Brendane: For what? So [sighs] as a—I’m a former church lady myself, having gone to seminary school, all those things, and learned about forgiveness is something that you should give freely to folks because God says so. I have much to say about how violent, right, forgiveness is. I think of it as—it can actually be a fairly violent process if you’re forgiving someone who’s not yourself. But I think I’m gonna let what you just said be our little segue into what we’re reading today. So Alyssa, what are we reading today?
[00:25:45] Alyssa: We already said it. Today we are reading the introduction to Exceptional Violence: Embodied Citizenship in Transnational Jamaica by Deborah A. Thomas. Deborah A. Thomas is the R. Jean Brownlee Professor of Anthropology and the director of the Center for Experimental Ethnography at the University of Pennsylvania. She is also a research associate with the Visual Identities in Art and Design Research Centre at the University of Johannesburg. Her recent book Political Life in the Wake of the Plantation: Sovereignty, Witnessing, Repair was awarded the Senior Book Prize from the American Ethnological Society in 2020, and was also the runner-up for the Gregory Bateson Prize in the same year. She is also the author of Exceptional Violence: Embodied Citizenship in Transnational Jamaica, published in 2011, and Modern Blackness: Nationalism, Globalization and the Politics of Culture in Jamaica, which was published in 2004, and is the co-editor of the volume Globalization and Race, which was published in 2006. Thomas co-directed and co-produced the documentary films Bad Friday and Four Days in May, and she is the co-curator of a multimedia installation titled Bearing Witness: Four Days in West Kingston, which opened at the Penn Museum in November 2017. From 2016 to 2020, Thomas was the editor-in-chief of American Anthropologist, the flagship journal of the American Anthropological Association. Prior to Thomas’s life as an academic, she was a professional dancer with the New York-based Urban Bush Woman.

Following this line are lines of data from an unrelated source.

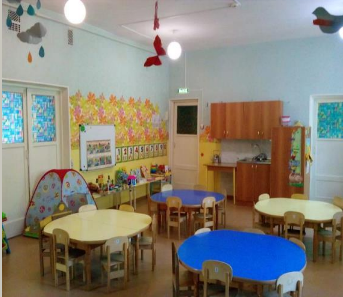
Вид из центра группы, на вход в помещение .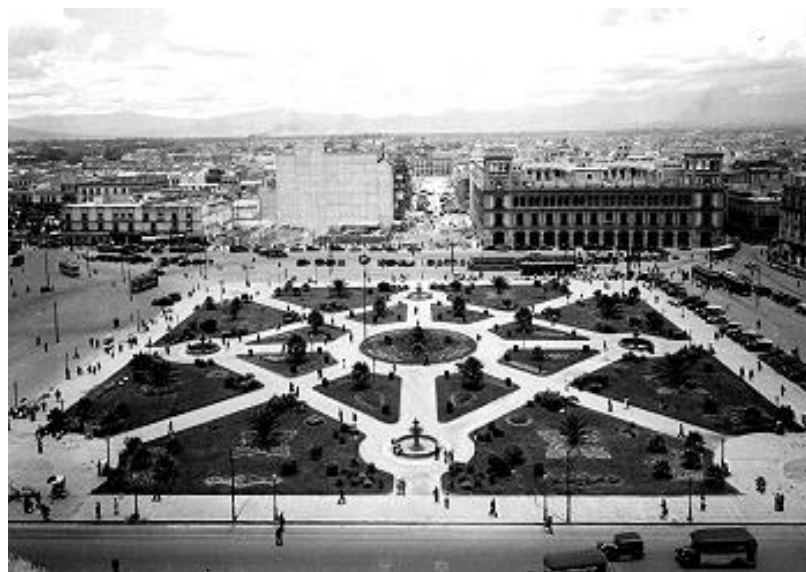
17) Plaza del Zócalo, vista panorámica desde el Palacio Nacional , Núm. de inventario 201486, Archivo Casasola, Fototeca Nacional del INAH. Imagen tomada del sitio de la Fototeca Nacional del INAH: http://www.fototeca.inah.gob.mx/fototeca/ (Fecha de actualización: 24 de noviembre de 2015)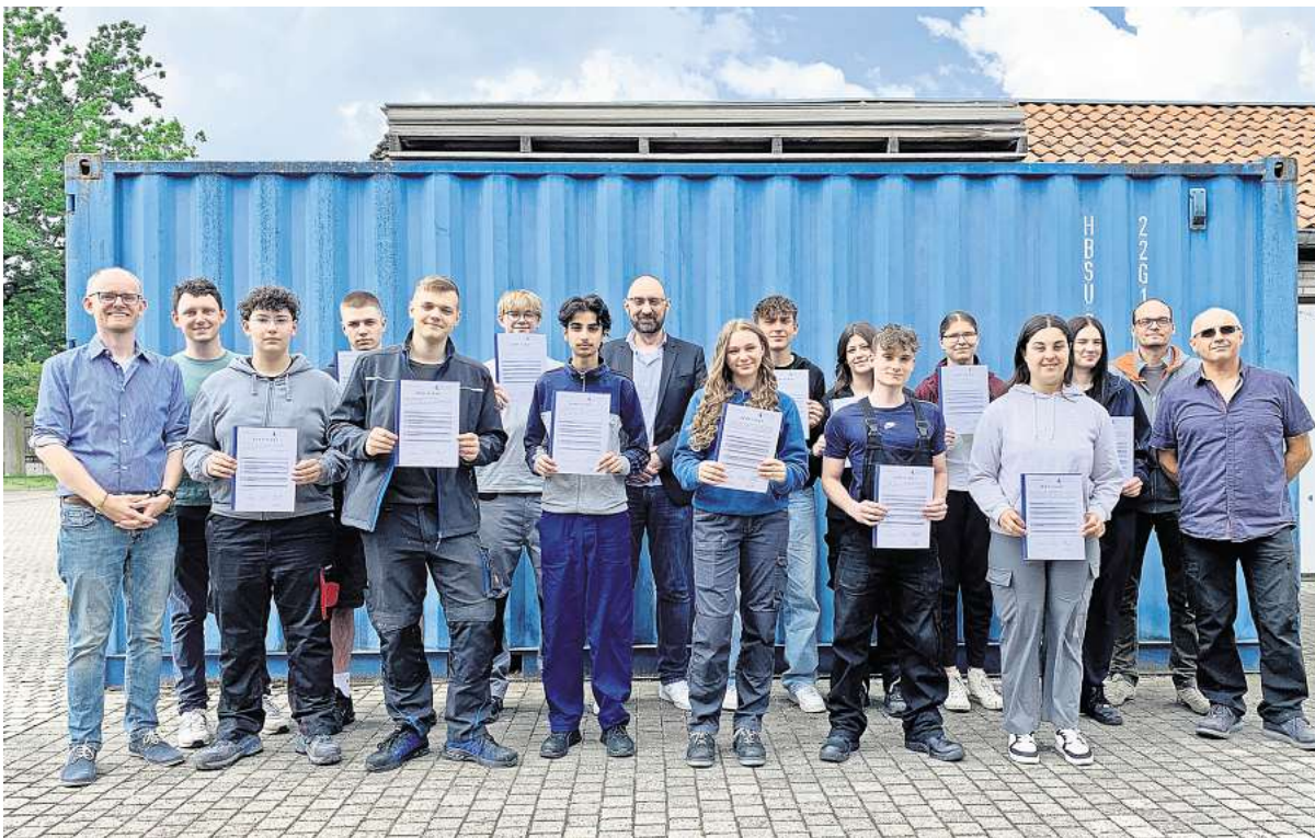
Die Teilnehmer freuen sich gemeinsam mit ihren Betreuern über ihre Zertifikate und die gesammelten Erfahrungen.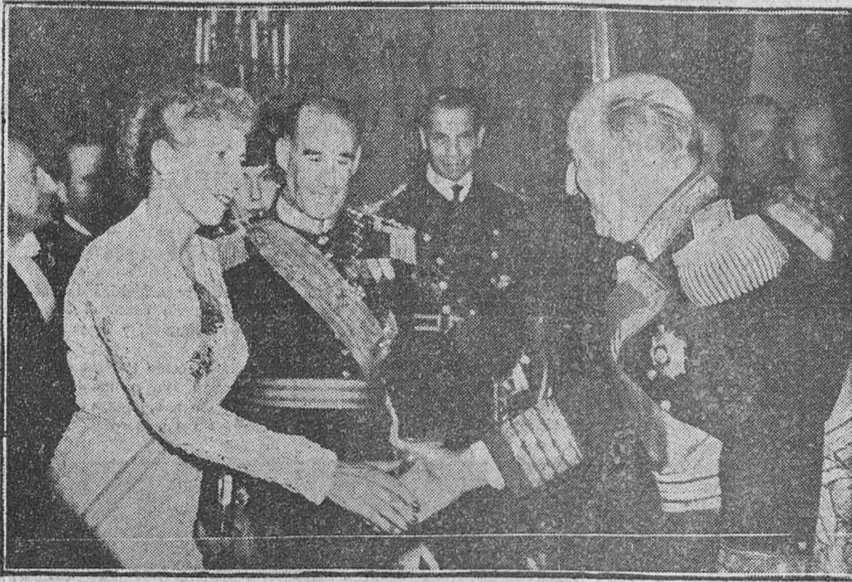
EL PARDO.—Su Excelencia el Jefe del Estado, Generalísimo Franco, saluda a la esposa del Presidente portugués, momentos después de imponerla la Gran Cruz de Isabel la Católica.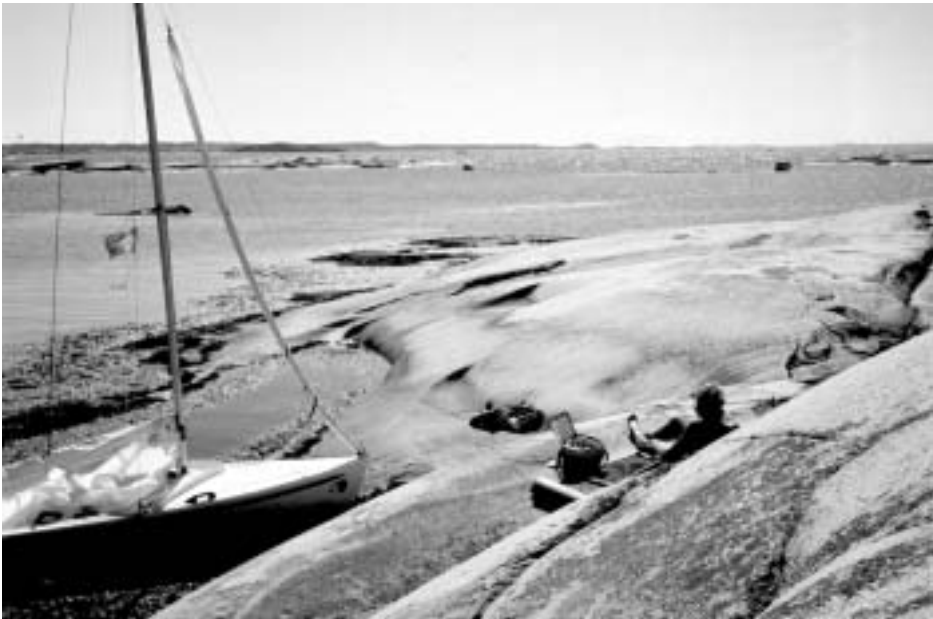
Wave-Dancer og Vipse på Kockholmene

Dagene efter gik turen til Græsholmene og sydpå til Härmanö for at slutte med større tur ind i landet gennem smalle fjorde til Bassholmen, hvor vi fik frokost og så på museet. Videre gennem smalle fjorde til Fiskebackskil (lige syd for Lysekil) og en lang tur hjem langs med kysten sydover, medens skyerne trak mistænkeligt sammen om solen, luften blev lidt køligere og et vejrskift synes på vej. Barometeret faldt og vi tog hjem et par dage efter træffet sluttede.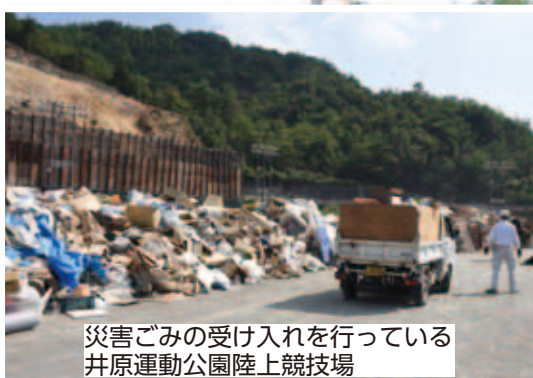
災害ごみの受け入れを行っている 井原運動公園陸上競技場

Brendane: Wow. And that’s just the bio, that ain’t even the CV. [Laughter]
Alyssa: This was the short one. The doc that she sent it in said, “Very, very short bio.” So there—she has so many more—
Brendane: —accomplishments. Yes.
Alyssa: Can’t wait to speak to her later.
Brendane: Honestly, I’m really excited to dive into this one. And so we want to frame the book first by talking about the overarching theme of Exceptional Violence, which examines the idea of reparation. So reparation is not just a “quantification of redress for past wrongs,” but also “a framework for thinking about contemporary problems.” So Thomas wants to move away from thinking about reparations as money given to a group of people or groups of people from a nation-state, but to think about reparations as a framework that defines how “black populations stand in relation to states.” So if we use reparations as a framework for thinking, we pay critical attention to the histories that make the world the way it is, the way it’s always been—wink—and we rethink the creative ways that the oppressed move in the world. So I think what’s most generative about a reparations framework, for me, is a suggestion that the present is not just something that arrives but has a direct connection to the violences of the past, which I know that’s your—that’s your jam! So [laughs]—
Alyssa: That’s my bag right there! It was actually one of the overlaps I had to talk about—y’all exams are still just in my mind, okay—it’s one of the overlaps I had to talk about in my exams. And so in Black and Caribbean studies, the way that we see the past is always a reflection of what we’re experiencing in the present. And so in that way, it’s always repeating itself. And so she thinks through the cyclical nature of history and the way that it incorporates and accommodates the new, while always giving us the sense that we’ve somehow seen this before. And so if that makes you think of chaos theory, or if it makes you think of Avery Gordon’s hauntings, that’s kind of on purpose. And you’ll kind of—you’ll find this theme of repetition in the work of Kamau Brathwaite, Edouard Glissant, and of course, Antonio Benitez-Rojo, who wrote The Repeating Island.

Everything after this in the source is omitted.